Candidates pitch ways to curb crime
More resources, private security, community policing and drug strategies have been pitched to tackle the perceived rise in crime across the Pilbara ahead of the State Election.
Antisocial behaviour has been in the spotlight recently, particularly in South Hedland where recent CCTV footage of a brawl outside the shopping centre revealed the scale of the problem local authorities were dealing with.
Pilbara Shooters, Fishers and Farmers candidate Fiona White-Hartig said she would push to set up private security patrols, as well as get more police on the beat across the Pilbara.
“I have been told crime has spiked 23 per cent over last year’s figures in the City of Karratha and I would expect similar, if not more, in Port Hedland,” she said.
“The nature of policing has changed dramatically — we need a higher presence of police to deal with intricacies such as domestic violence and increases in drug abuse.
“We can’t keep burying our heads in the sand.

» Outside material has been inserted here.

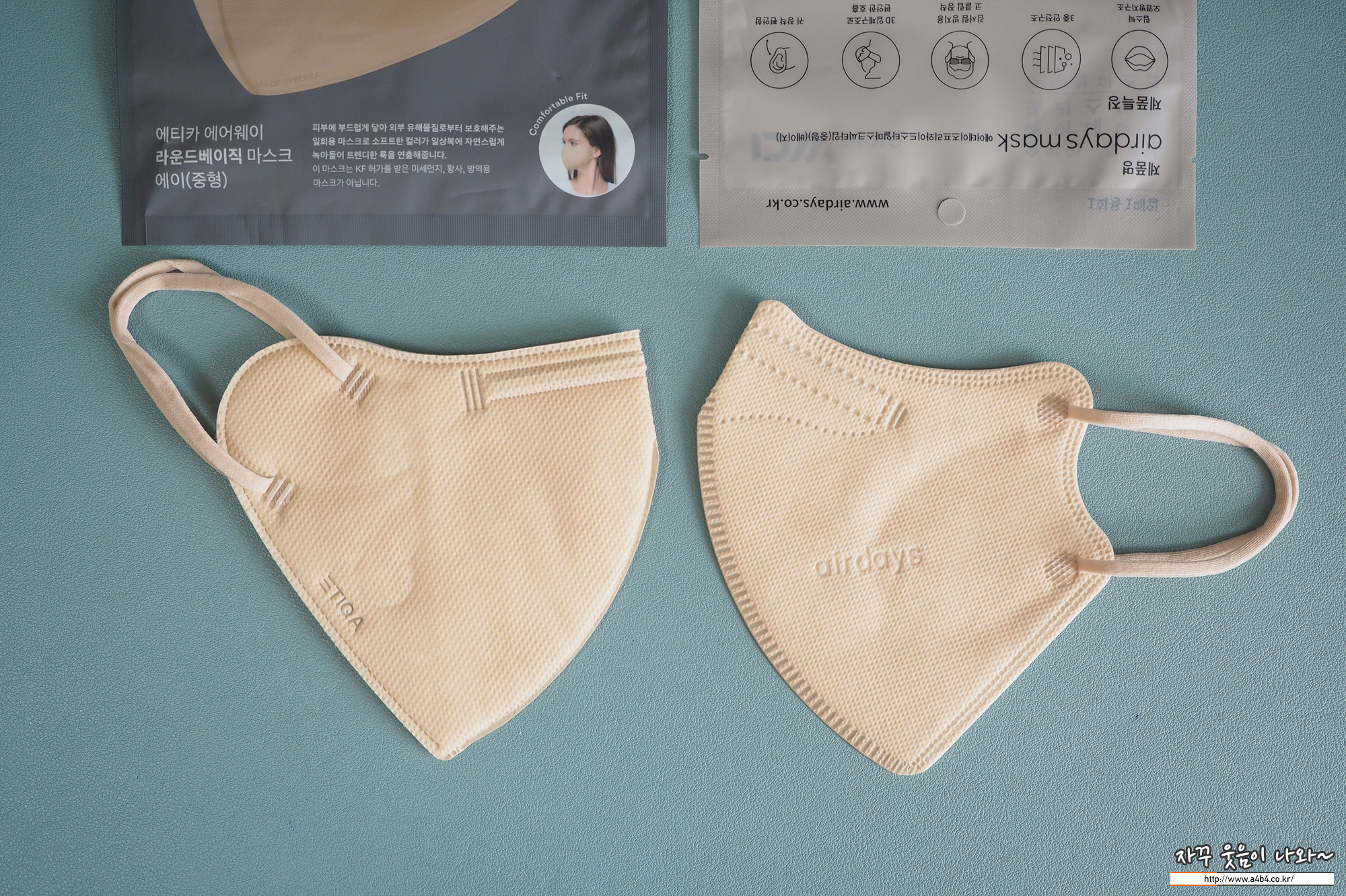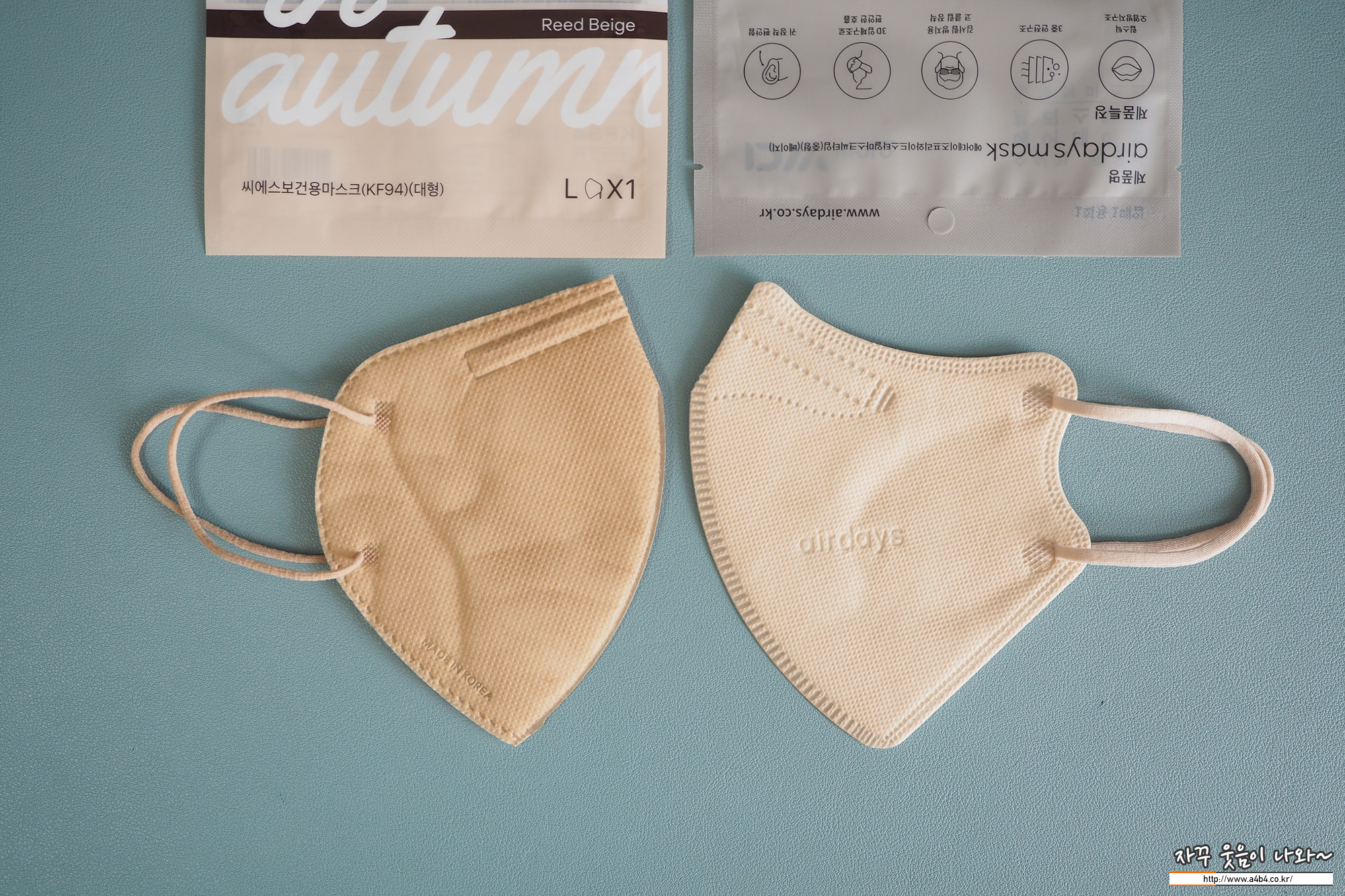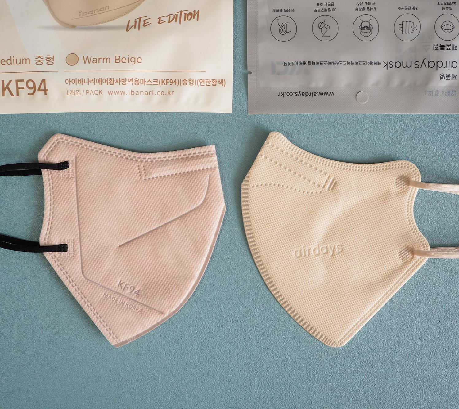 쿤달마스크 베이지컬러와 에어데이즈 베이지 마스크와 색상비교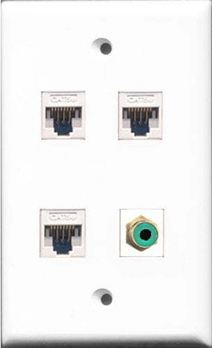 RiteAV - 1 Port RCA Green 3 Port Cat5e Ethernet White Wall Plate

There needs to be a strong but holistic stance coming from all sectors of the community.”
Ms White-Hartig said private security patrols would be a deterrent to loitering, which she said had been a major cause of alcohol-related antisocial behaviour recently.
She said although a partnership between the liquor accord and elders in Newman had curbed alcohol abuse, drugs remained a big issue.
Pilbara MLA and WA Nationals leader Brendon Grylls said he did not believe private security patrols would discourage antisocial behaviour.
“I think it makes people feel slightly better, but I don’t think it makes much difference,” he said.
“Calling for more police is a throwaway line from candidates who haven’t actually had the job of running the State. I think there is a big dichotomy in asking for more police officers and opposing a new revenue source that could actually pay for them.” Mr Grylls said he would announce plans to boost effectiveness of community policing ahead of the election.
Labor Member for Mining and Pastoral Stephen Dawson said a good first step would be to change the layout of the South Hedland shops where a taxi rank, ATM and bottle shop were right next to each other.
“It’s not just a case of more police or better resourcing — it is also to do with better policy,” he said.
Mr Dawson said WA Labor’s hard-line policy on meth dealing showed the party was serious about tackling drug use and crime.
“It is not an easy problem to fix, but this mob has had eight and half years and they have done nothing,” he said. “I have sat outside a house where people come and go — they are taxied in work vans to do what looks like buying drugs.”
Mr Dawson said Labor’s policy also featured measures to provide better access to rehabilitation and detox services for those committing minor offences.
Pilbara Liberal candidate Mark Alchin said revenue may need to be prioritised away from various projects to tackle what he described as a “priority issue”.
“Things are in crisis here — when you have such a high level of domestic violence, you need an intervention strategy,” he said.
“That deals with the immediate issue, but the broader fix is about getting these people once they have sobered up back into work.”
Mr Alchin said drug use was an issue right across regional WA.
“When people don’t have a purpose or a job, they will turn to substance to numb the pain,” he said.
“The State Government can’t fix all the issues, we have to get community and local government involved.”
Greens candidate Brent McKenna said the party would look to tackle the drivers of crime, such as drugs, rather than focusing on penalties.